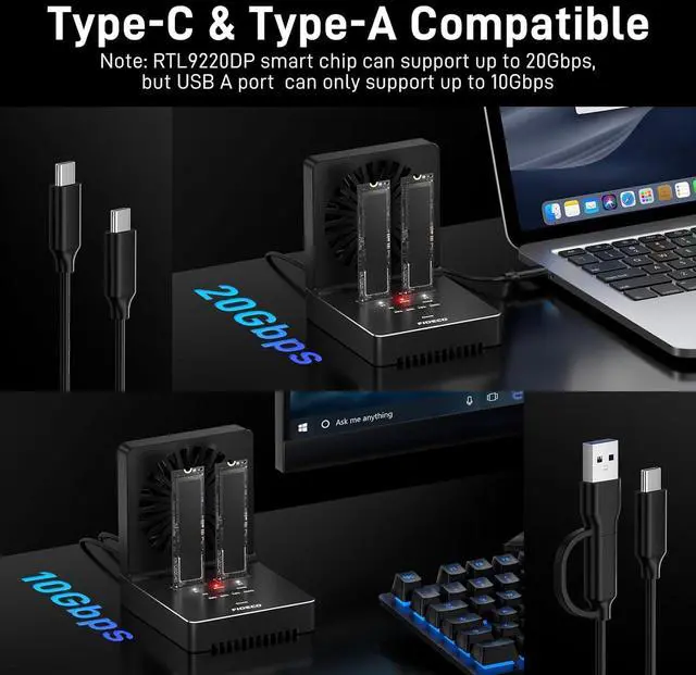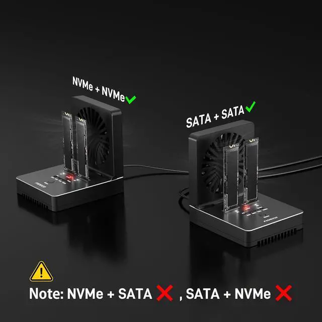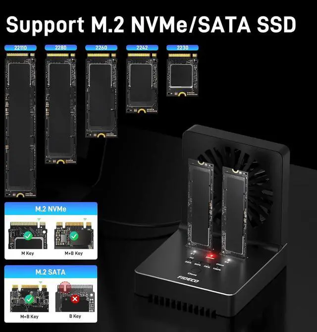 Foldable Cooling Fan NVMe SATA cloner dock is engineered with one foldable cooling fan to help cool your SSDs and make them maintain in a cooler environment. You do not need to worry about the problem of SSD overheating anymore. This device can absolutely help prolong the lifespan of your SSDs.
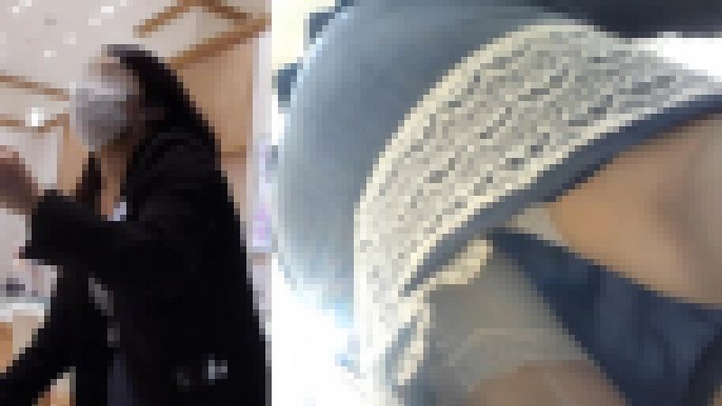 【 スマホで逆さ撮り134】韓国美人のお姉さん メガネと黒タイツが素敵ですね スカートの中見せて下さい!2カメ撮影【2名収録】
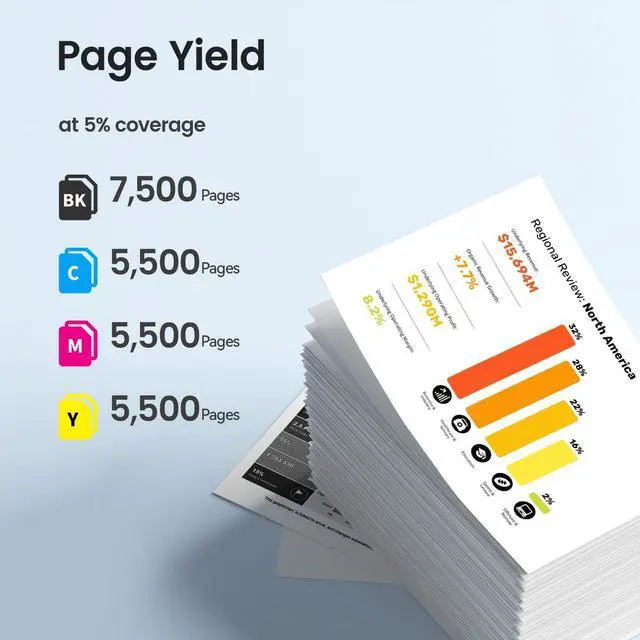 Page Yield: Black ink is 7, 500 pages & color is 5, 500 pages per cartridge at 5% coverage on letter/a4 ^^ High
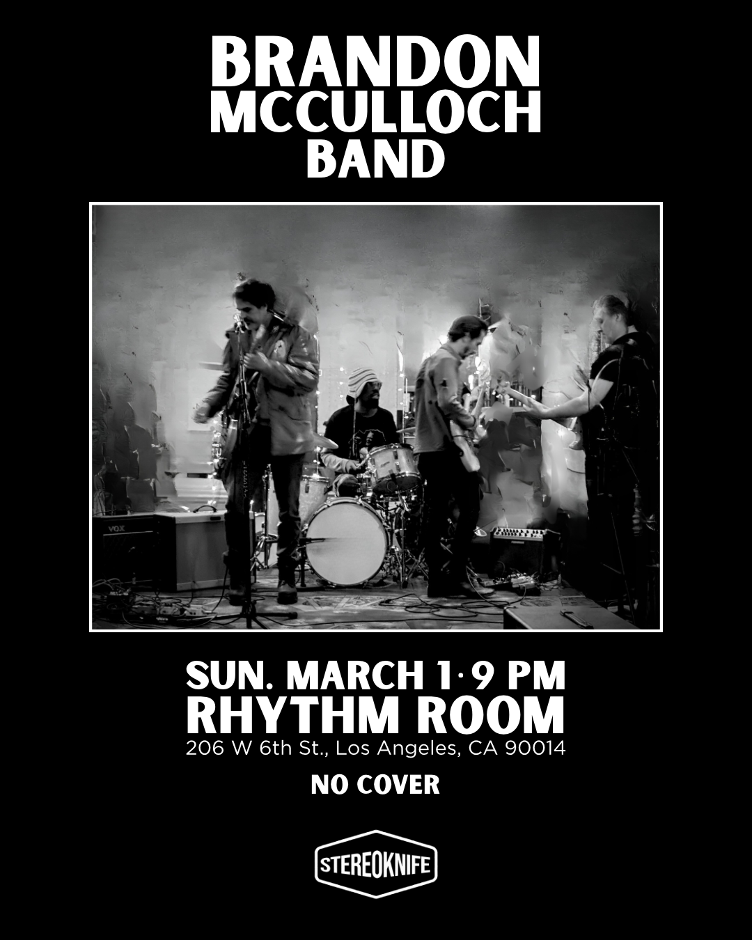Brandon McCulloch Band returns to the stage with a high-energy show at The Rhythm Room. Hailing from Hollywood, the band is composed of Vincent Fossett Jr., Craig Jackson, Josh Jacober, and Brandon McCulloch.
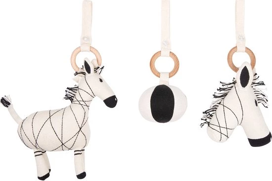 Set van 3 katoenen figuren (2 zebra’s en een bal) die aan een Babygym kunnen worden bevestigd. Houten gym niet inbegrepen.
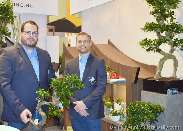 Mike v/d Helm and Leon Hunink of Oriental Group holding their Ficus Ginseng.
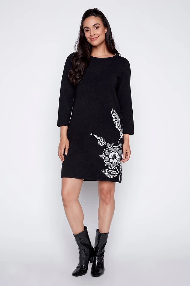 Floral border double knit dress
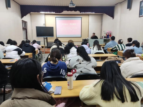 王延玉老师从百年来中国共产党带领中国人民不懈奋斗的历史出发,带大家领略决议背后蕴含的重要意义和历史经验。同时结合自身的工作经验与生活经历,对同学们提出了“我们在党的怀抱中成长,要感恩党,向党靠拢”的殷切期望。
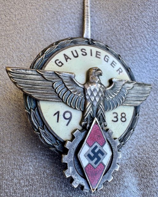 Hitler Youth 1938 Gausieger Badge for National Trade Competition (Reichsberufswettkampf), maker marked "G. Brehmer Markneukirchen", excellent condition.
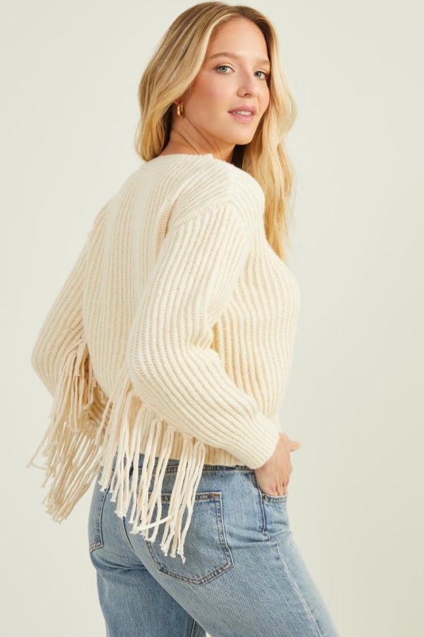 This sweater is all about texture and movement. The ribbed knit adds a touch of classic style, while the fringe detailed sleeves bring an on-trend and western-inspired element to your outfit. The fringe creates a sense of dynamic flair with every gesture, making this sweater an instant conversation starter.
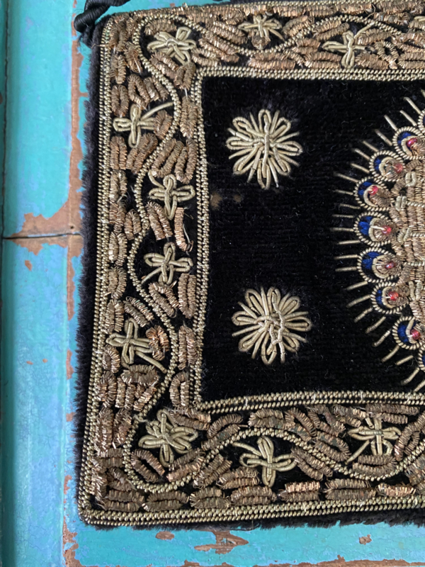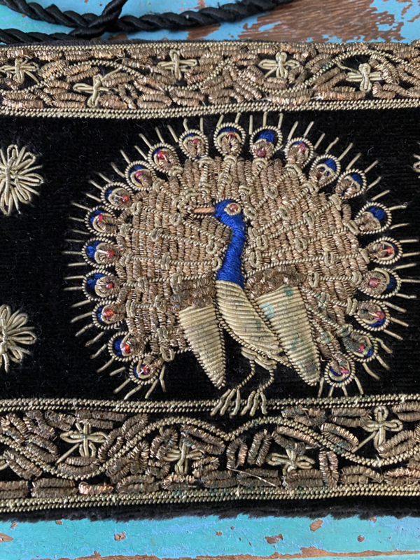 Vintage tasje met ijzergaren versiering, prachtige pauw

*****

_TASK REQUIREMENTS_
From the first line to the last, write out the data exactly, dropping any pictures.

_EXERCISE OUTPUT_
 Foldable Cooling Fan NVMe SATA cloner dock is engineered with one foldable cooling fan to help cool your SSDs and make them maintain in a cooler environment. You do not need to worry about the problem of SSD overheating anymore. This device can absolutely help prolong the lifespan of your SSDs.
 【 スマホで逆さ撮り134】韓国美人のお姉さん メガネと黒タイツが素敵ですね スカートの中見せて下さい!2カメ撮影【2名収録】
 Page Yield: Black ink is 7, 500 pages & color is 5, 500 pages per cartridge at 5% coverage on letter/a4 ^^ High
Brandon McCulloch Band returns to the stage with a high-energy show at The Rhythm Room. Hailing from Hollywood, the band is composed of Vincent Fossett Jr., Craig Jackson, Josh Jacober, and Brandon McCulloch.
 Set van 3 katoenen figuren (2 zebra’s en een bal) die aan een Babygym kunnen worden bevestigd. Houten gym niet inbegrepen.
 Mike v/d Helm and Leon Hunink of Oriental Group holding their Ficus Ginseng.
 Floral border double knit dress
 王延玉老师从百年来中国共产党带领中国人民不懈奋斗的历史出发,带大家领略决议背后蕴含的重要意义和历史经验。同时结合自身的工作经验与生活经历,对同学们提出了“我们在党的怀抱中成长,要感恩党,向党靠拢”的殷切期望。
 Hitler Youth 1938 Gausieger Badge for National Trade Competition (Reichsberufswettkampf), maker marked "G. Brehmer Markneukirchen", excellent condition.
 This sweater is all about texture and movement. The ribbed knit adds a touch of classic style, while the fringe detailed sleeves bring an on-trend and western-inspired element to your outfit. The fringe creates a sense of dynamic flair with every gesture, making this sweater an instant conversation starter.
 Vintage tasje met ijzergaren versiering, prachtige pauw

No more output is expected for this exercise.